Collected data:
◇ ◇ ◇ ◇

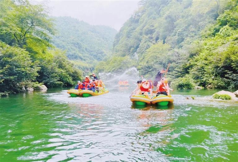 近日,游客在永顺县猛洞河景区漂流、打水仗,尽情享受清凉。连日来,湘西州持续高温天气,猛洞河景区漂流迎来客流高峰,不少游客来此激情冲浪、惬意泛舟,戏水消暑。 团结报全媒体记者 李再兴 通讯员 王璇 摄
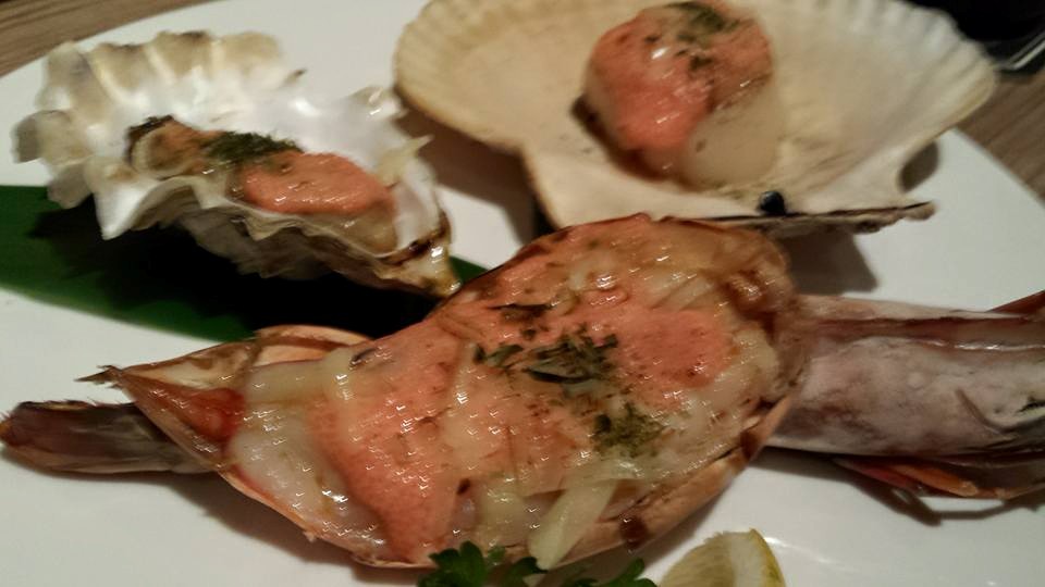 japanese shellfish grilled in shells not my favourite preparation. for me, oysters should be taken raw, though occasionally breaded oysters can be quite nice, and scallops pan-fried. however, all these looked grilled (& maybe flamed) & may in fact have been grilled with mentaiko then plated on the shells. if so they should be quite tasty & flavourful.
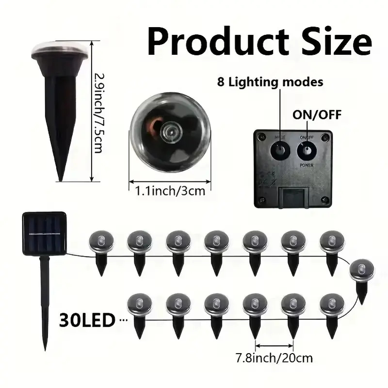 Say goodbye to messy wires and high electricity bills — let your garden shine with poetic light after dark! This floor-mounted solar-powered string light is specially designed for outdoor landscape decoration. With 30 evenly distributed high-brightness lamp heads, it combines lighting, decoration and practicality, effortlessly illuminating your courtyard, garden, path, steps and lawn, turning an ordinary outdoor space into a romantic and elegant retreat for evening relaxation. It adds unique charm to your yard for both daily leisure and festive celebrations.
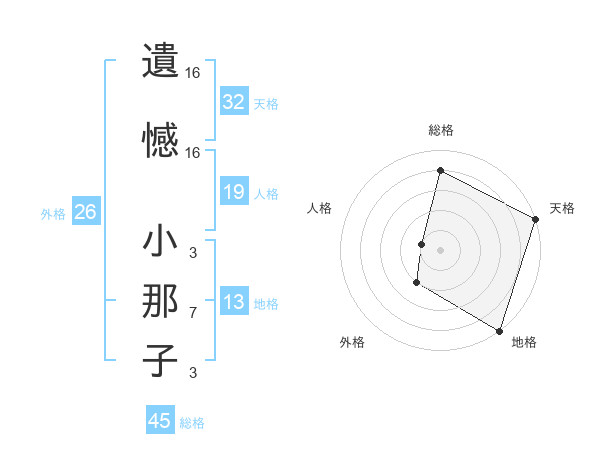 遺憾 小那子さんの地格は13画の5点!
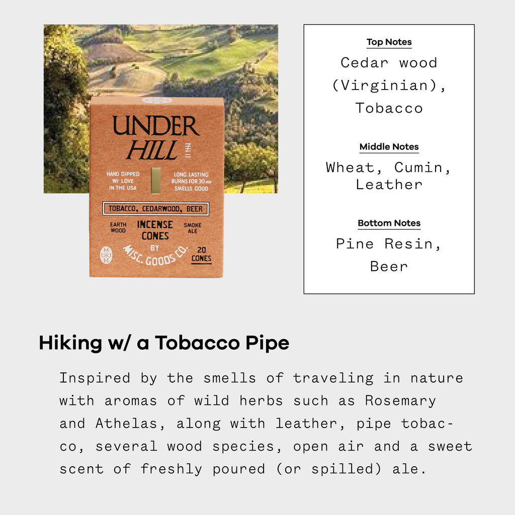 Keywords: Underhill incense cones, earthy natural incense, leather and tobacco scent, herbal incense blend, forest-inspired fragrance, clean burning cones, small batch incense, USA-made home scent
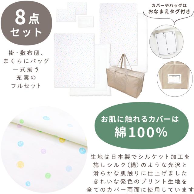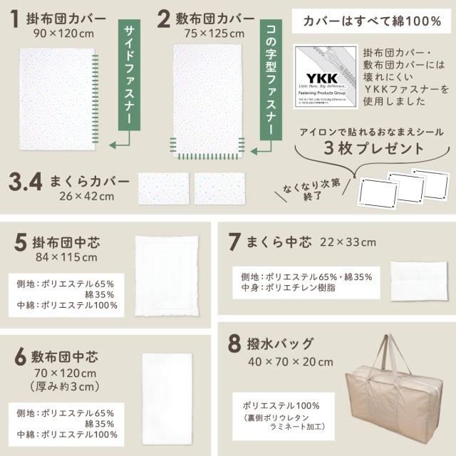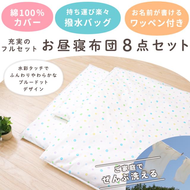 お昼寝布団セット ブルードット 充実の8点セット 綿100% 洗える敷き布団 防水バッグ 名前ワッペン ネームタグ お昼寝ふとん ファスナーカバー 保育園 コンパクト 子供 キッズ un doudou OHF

◇ ◇ ◇ ◇

Work instructions: The response must match the data line for line, from its first line through the line with "Keywords: Underhill incense", inclusive, and must leave out the pictures.

Answer to the exercise:
 近日,游客在永顺县猛洞河景区漂流、打水仗,尽情享受清凉。连日来,湘西州持续高温天气,猛洞河景区漂流迎来客流高峰,不少游客来此激情冲浪、惬意泛舟,戏水消暑。 团结报全媒体记者 李再兴 通讯员 王璇 摄
 japanese shellfish grilled in shells not my favourite preparation. for me, oysters should be taken raw, though occasionally breaded oysters can be quite nice, and scallops pan-fried. however, all these looked grilled (& maybe flamed) & may in fact have been grilled with mentaiko then plated on the shells. if so they should be quite tasty & flavourful.
 Say goodbye to messy wires and high electricity bills — let your garden shine with poetic light after dark! This floor-mounted solar-powered string light is specially designed for outdoor landscape decoration. With 30 evenly distributed high-brightness lamp heads, it combines lighting, decoration and practicality, effortlessly illuminating your courtyard, garden, path, steps and lawn, turning an ordinary outdoor space into a romantic and elegant retreat for evening relaxation. It adds unique charm to your yard for both daily leisure and festive celebrations.
 遺憾 小那子さんの地格は13画の5点!
 Keywords: Underhill incense cones, earthy natural incense, leather and tobacco scent, herbal incense blend, forest-inspired fragrance, clean burning cones, small batch incense, USA-made home scent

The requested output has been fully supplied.